-- PROBLEM TO WORK ON --
Print the data below again in full, exactly as it stands, with no images.

-- DATA BELOW --
::::::
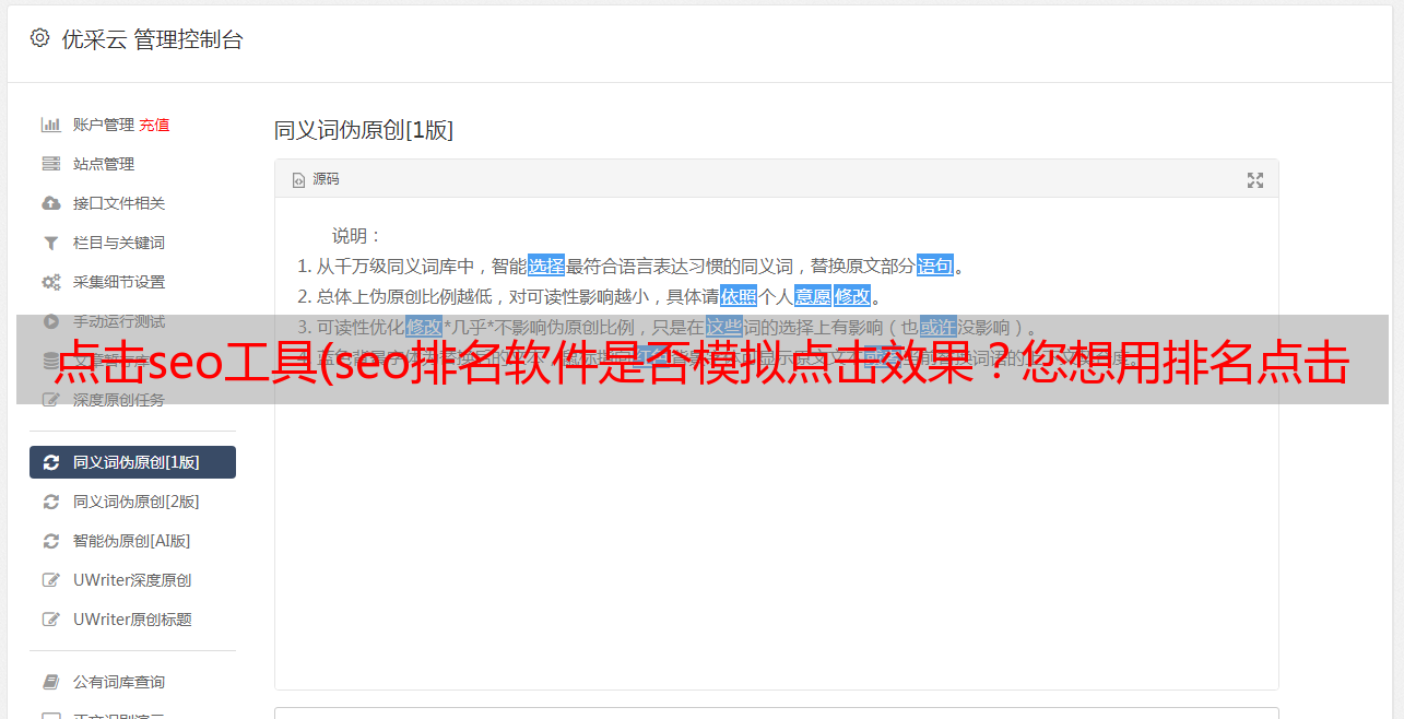 优采云 发布时间: 2022-01-05 07:15点击seo工具(seo排名软件是否模拟点击效果?您想用排名点击软件刷我们网站关键词排名吗?)
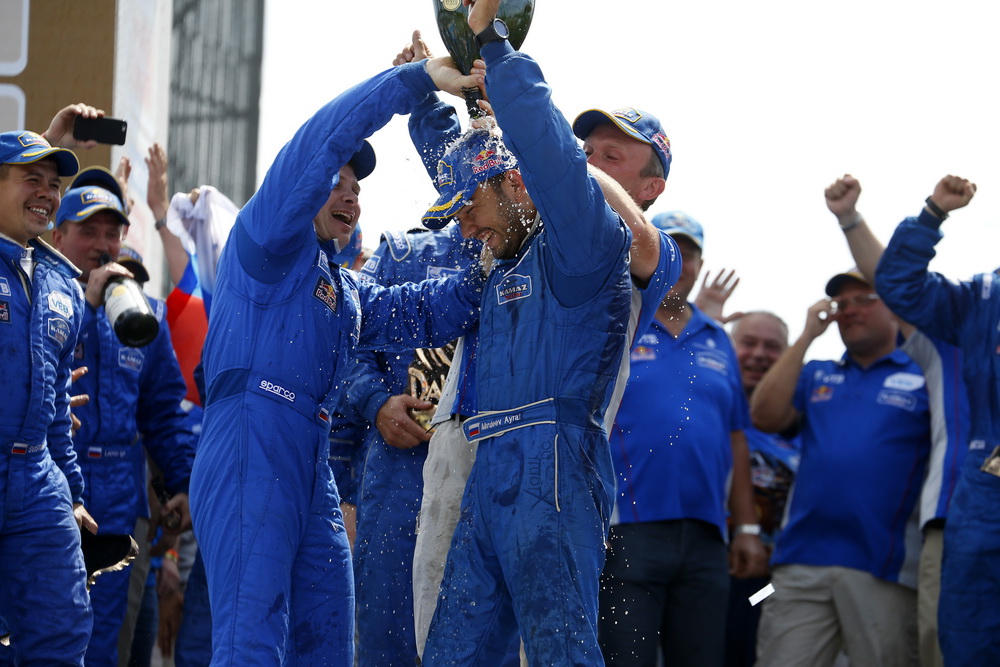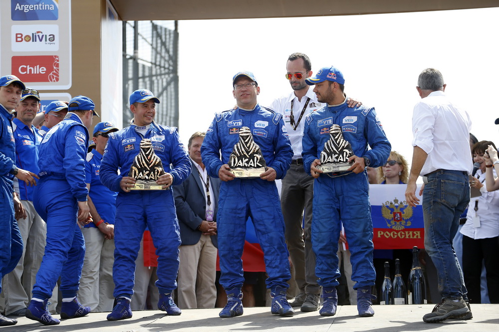 В этом году синяя армада «КАМАЗ-мастера» с самого начала считалась фаворитом соревнования и претендентом на главный трофей. Но, пожалуй, никто не ожидал от нового поколения камазовских пилотов того, что им удалось в итоге сделать. По признанию Чагина команда выполнила задачу максимум. Три экипажа - Айрата Мардеева, Эдуарда Николаева и Андрея Каргинова заняли весь пьедестал почета в категории грузовых автомобилей. А пятое место экипажа Дмитрия Сотникова еще больше укрепило тотальное доминирование российских грузовиков на престижном международном ралли!
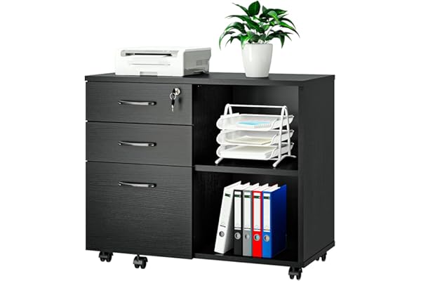 3 Drawer Mobile Lateral Filing Cabinet on Wheels, Printer Stand with Open Storage Shelves for Home Office (Black)
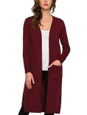 Womens Open Front Long Cardigans Solid Button Down Knit Sweater Coat with Pocket
::::::
-- EXERCISE OUTPUT --
 优采云 发布时间: 2022-01-05 07:15点击seo工具(seo排名软件是否模拟点击效果?您想用排名点击软件刷我们网站关键词排名吗?)
 В этом году синяя армада «КАМАЗ-мастера» с самого начала считалась фаворитом соревнования и претендентом на главный трофей. Но, пожалуй, никто не ожидал от нового поколения камазовских пилотов того, что им удалось в итоге сделать. По признанию Чагина команда выполнила задачу максимум. Три экипажа - Айрата Мардеева, Эдуарда Николаева и Андрея Каргинова заняли весь пьедестал почета в категории грузовых автомобилей. А пятое место экипажа Дмитрия Сотникова еще больше укрепило тотальное доминирование российских грузовиков на престижном международном ралли!
 3 Drawer Mobile Lateral Filing Cabinet on Wheels, Printer Stand with Open Storage Shelves for Home Office (Black)
 Womens Open Front Long Cardigans Solid Button Down Knit Sweater Coat with Pocket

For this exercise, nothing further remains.